Además de Estados Unidos, Paradise Entertainment está hablando con otros posibles compradores fuera del continente asiático, sin que hayan transcendido los detalles. “Somos los primeros fabricantes de máquinas de azar en producir un robot con forma humana y que sea un dealer”, aseguró el presidente de la compañía, Jay Chun.
No en Macao
Pese a que Min debutó en Macao, no será precisamente la ciudad asiática, centro de las apuestas en todo el continente, la que use este tipo de máquinas. Y la razón es más bien sencilla. Los jugadores que van a Macao prefieren interactuar con sus rivales y al mismo tiempo con el crupier en la mesa, lo que le hace que la máquina necesite estar más perfeccionada de lo que lo está en la realidad. De hecho, y según las Leyes de Macao, solo los residentes locales pueden ser contratados para ser crupieres, cerrando la puerta a los trabajadores extranjeros.
Lucha entre compañías
Hanson Robotics, otra compañía dedicada al mundo de la robótica, también ha estado vendiendo un producto similar al de Paradise Entertainment a un operador de Casinos de Macao, por lo que la guerra entre compañías está abierta.

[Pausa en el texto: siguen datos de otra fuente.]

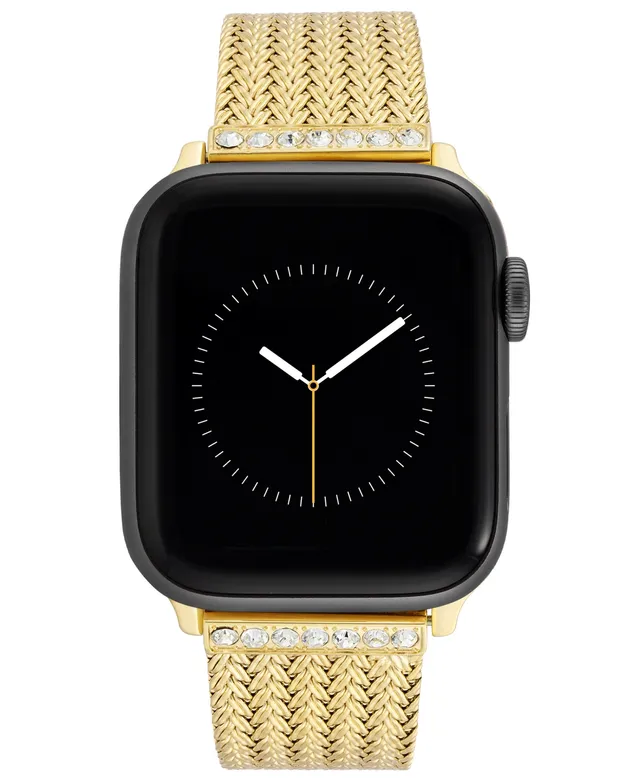 Anne Klein Women's Premium Crystal and Gold-Tone Stainless Steel Mesh Band designed for Apple Watch 42mm (Series 1-3 only) & 44/45/46/49mm (Ultra & Ul

Paradise Entertainment trabaja ahora para acercar sus máquinas lo más posible a la realidad. Y eso pasa por escáneres de cartas, reconocimiento facial de clientes – sobre todo los que más apuestan -, o servicio personalizado para cada jugador.
De hecho, SJM Holdings, propietaria de un casino en Macao que gestionaba Paradise Entertainment, comenzó a pedir hace un par de meses a sus afiliados VIP que fueran aportando sus datos personales y una fotografía, con la finalidad de que las cámaras pudieran reconocerlos una vez estuvieran en la mesa, enviándole un mensaje al director de la sala inmediatamente.